= EXERCISE REQUIREMENTS =
Any pictures in the records below must be left out when you repeat the lines from the line containing "4.5 Gallon Plastic" through the line containing "Relative Verteilung des" exactly.

━━━━━━

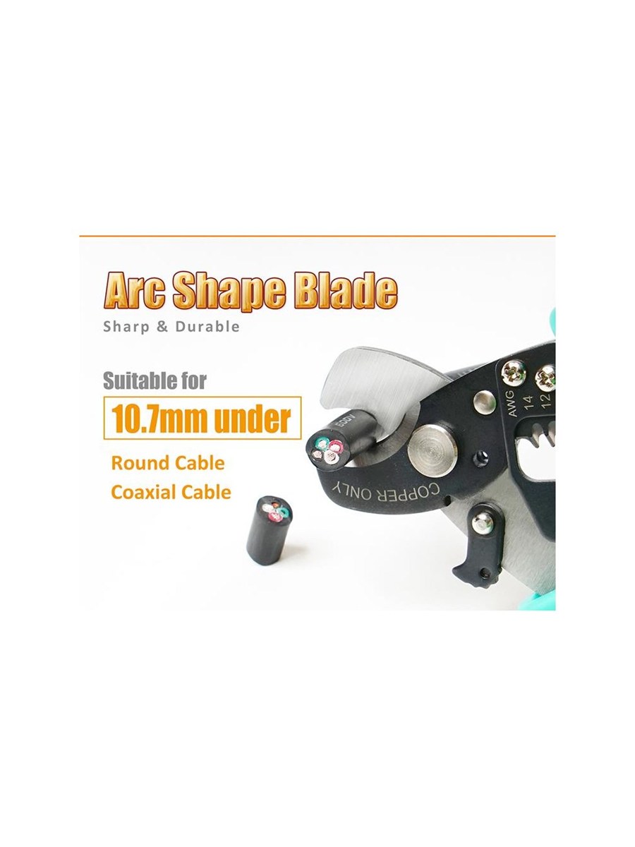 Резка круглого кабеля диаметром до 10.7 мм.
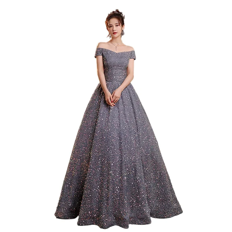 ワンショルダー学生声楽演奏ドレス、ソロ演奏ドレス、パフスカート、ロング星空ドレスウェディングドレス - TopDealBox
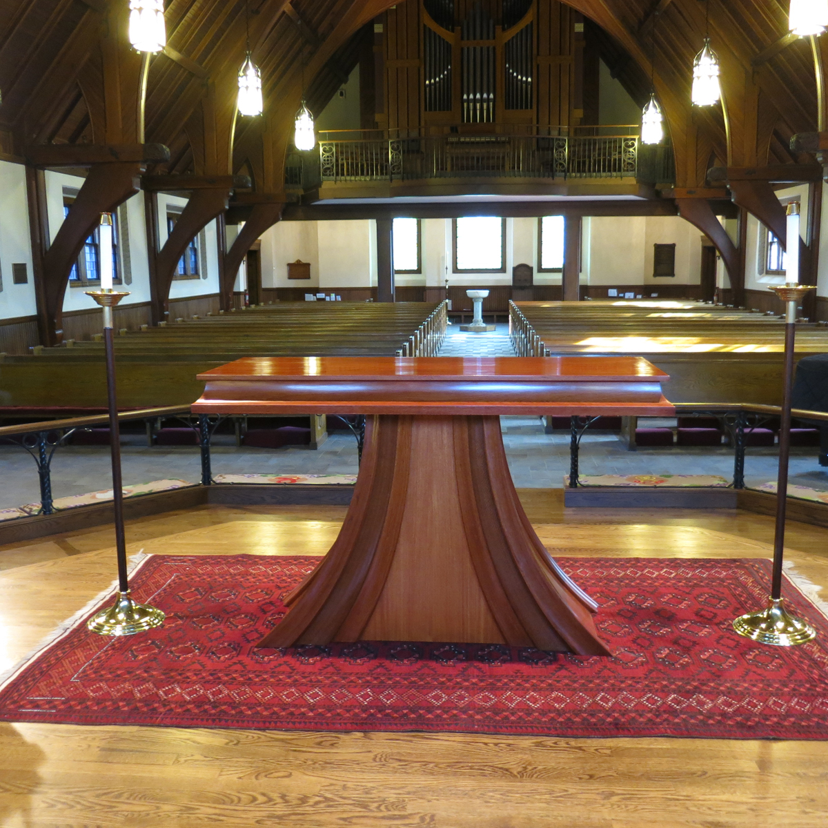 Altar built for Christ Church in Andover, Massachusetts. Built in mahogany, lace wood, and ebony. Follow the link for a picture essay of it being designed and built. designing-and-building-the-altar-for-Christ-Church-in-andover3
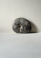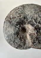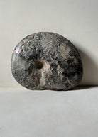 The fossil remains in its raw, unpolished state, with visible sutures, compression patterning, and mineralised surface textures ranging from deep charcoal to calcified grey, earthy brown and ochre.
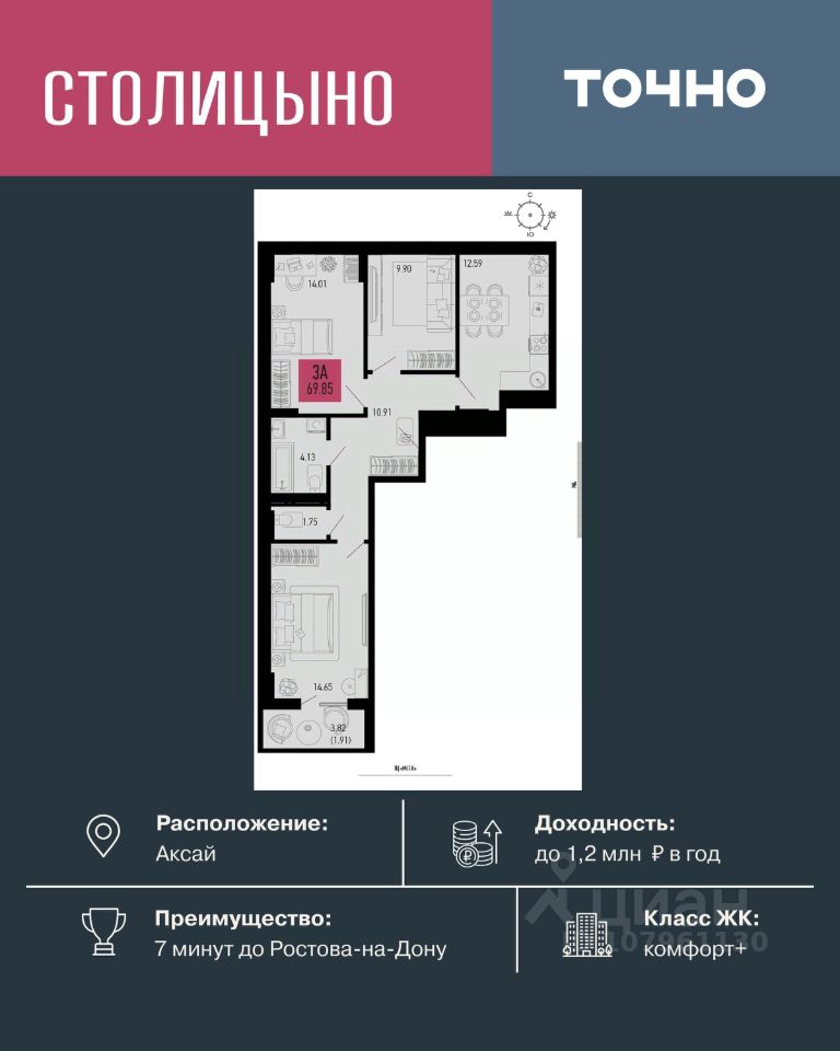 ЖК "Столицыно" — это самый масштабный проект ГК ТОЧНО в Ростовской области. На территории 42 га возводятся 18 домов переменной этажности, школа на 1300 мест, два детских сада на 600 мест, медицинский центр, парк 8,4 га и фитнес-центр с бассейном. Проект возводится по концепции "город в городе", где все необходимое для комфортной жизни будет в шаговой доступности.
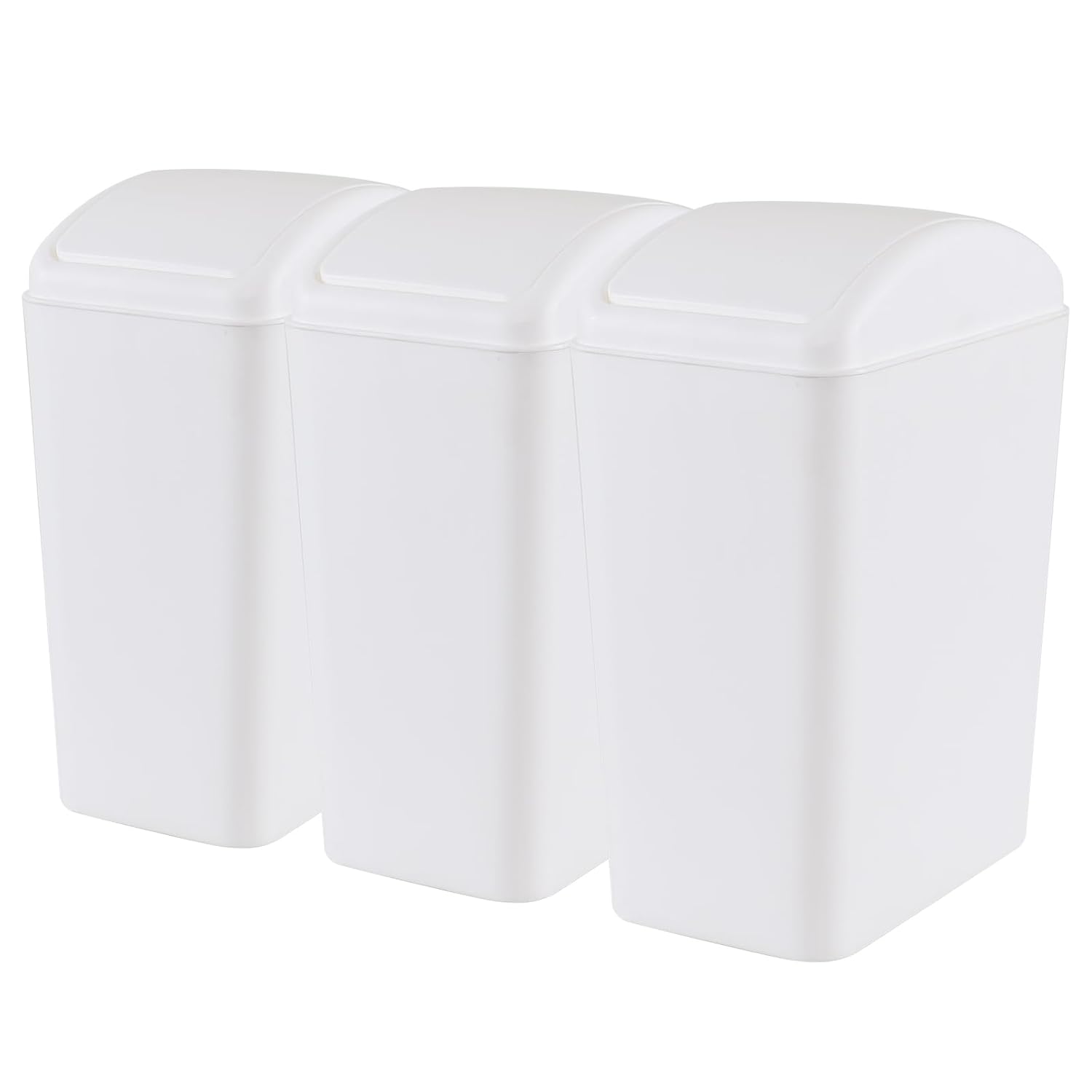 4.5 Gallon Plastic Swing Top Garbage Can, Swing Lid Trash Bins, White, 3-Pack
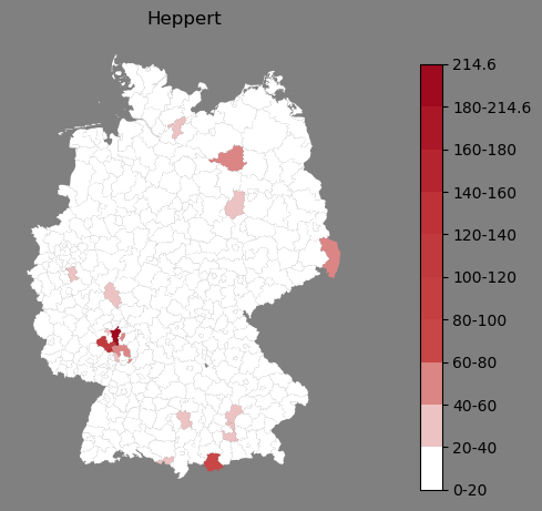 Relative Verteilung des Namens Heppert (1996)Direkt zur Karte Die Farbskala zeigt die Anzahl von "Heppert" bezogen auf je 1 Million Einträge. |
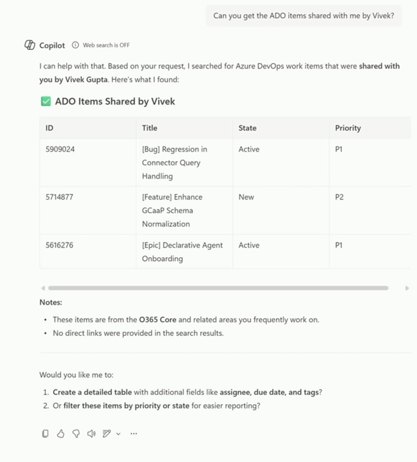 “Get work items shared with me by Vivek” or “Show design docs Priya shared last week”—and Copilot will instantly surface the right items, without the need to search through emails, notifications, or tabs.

━━━━━━

= ANSWER BOX =
 4.5 Gallon Plastic Swing Top Garbage Can, Swing Lid Trash Bins, White, 3-Pack
 Relative Verteilung des Namens Heppert (1996)Direkt zur Karte Die Farbskala zeigt die Anzahl von "Heppert" bezogen auf je 1 Million Einträge. |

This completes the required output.